F1's current generation of cars has a minimum weight of 798kg, which is the highest they have ever been in the history of the world championship.
With F1 braced for the potential for larger batteries in 2026 as a consequence of a greater contribution from electrical power, there are concerns that cars could get even heavier, which is why efforts will be made to bring things down.
But with the mass of the cars being so high now because of necessary safety devices and the hybrid components, there is some scepticism about how much of a step change can be done to bring the weight down.
Allison has suggested an alternative approach, however, is not trying to mandate specific areas of the car that can be made lighter.
Instead, he suggests that if the FIA simply reduces the minimum weight of the cars, then teams will naturally be forced to find ways to make the cars lighter.
Asked by Autosport about the best way to bring car weight down, Allison said: "I strongly agree with Stefano. He's not alone in thinking that this sort of inexorable upward trend in weight is something that has to be arrested and then reversed because year-on-year they have been getting heavier.
"It isn't super trivial to get the weight moving in the other direction, but it is particularly tricky to dream up technical rules that are going to make the car much lighter.
"The way to make it lighter, I think, is to lower the weight limit and make it our problem. If cars are over the limit, then it forces us all to make some fairly difficult decisions about what we put in our cars and what we don't.
"Not everyone agrees with that point of view. But that is I think the most guaranteed way to put downward pressure on the weight of the car."
Aston Martin's Dan Fallows agreed with Allison's assessment of the situation but said F1 had to make sure that efforts to reduce weight did not end up compromising safety.

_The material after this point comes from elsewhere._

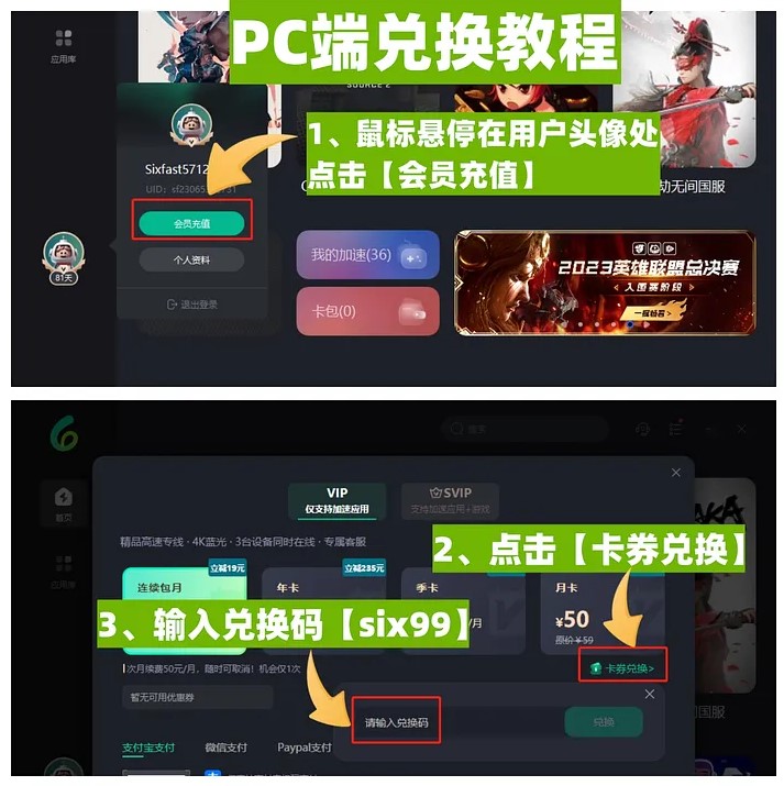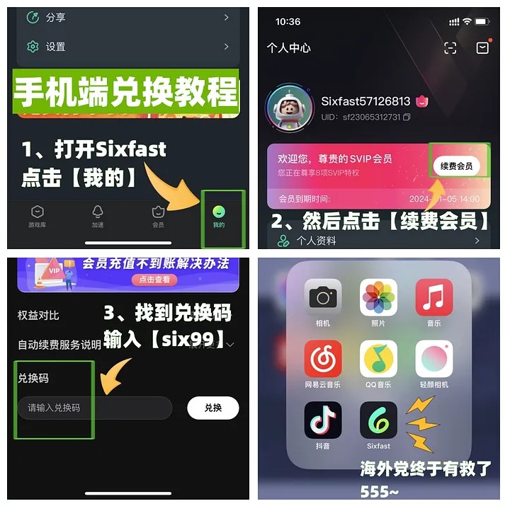 有一些在海外的玩家,在玩《逆水寒》时发现会出现高延迟、卡顿,或者是进不去的情况,其实是因为《逆水寒》是中国开发的游戏,因此在海外玩的时候,由于服务器物理距离较远,会导致上述卡顿的情况。这个时候推荐使用Sixfast,能够一键降低ping值,解决高延迟、卡顿的问题。这里再教大家怎么免费使用Sixfast,一起来薅羊毛啊哈哈哈哈 — — 手机端用户可以在Sixfast【我的】中点击【续费会员】兑换码内填【six99】,电脑端在Sixfast左侧【会员充值】找到【卡券兑换】填【six99】,直接在Sixfast官网注册登录后,在【个人中心】【兑换码】处填【six99】就能领取免费时长啦~

"I think there are things that we can probably do in the rules to help," he said. "I think certainly putting the weight limit down is one way of achieving it, but we have to make sure that we don't look to compromise safety in any way by doing that.
"Maybe there are things architecturally we could do that would help. But there certainly is going to be a challenge, and I think there's no doubt that, with the power unit regulations being set the way they are, that makes the challenge even bigger."
Red Bull technical chief Pierre Wache is sceptical that much can be achieved to reduce weight though, as he suggested that indications pointed towards the 2026 power units being much heavier.
"I'm not sure that we will have a significant change, in terms of weight," he said.
"I think the power unit that is defined now is already massively heavier than what we currently have. I think to make it significantly lighter, as mentioned by Stefano, it will be very, very difficult."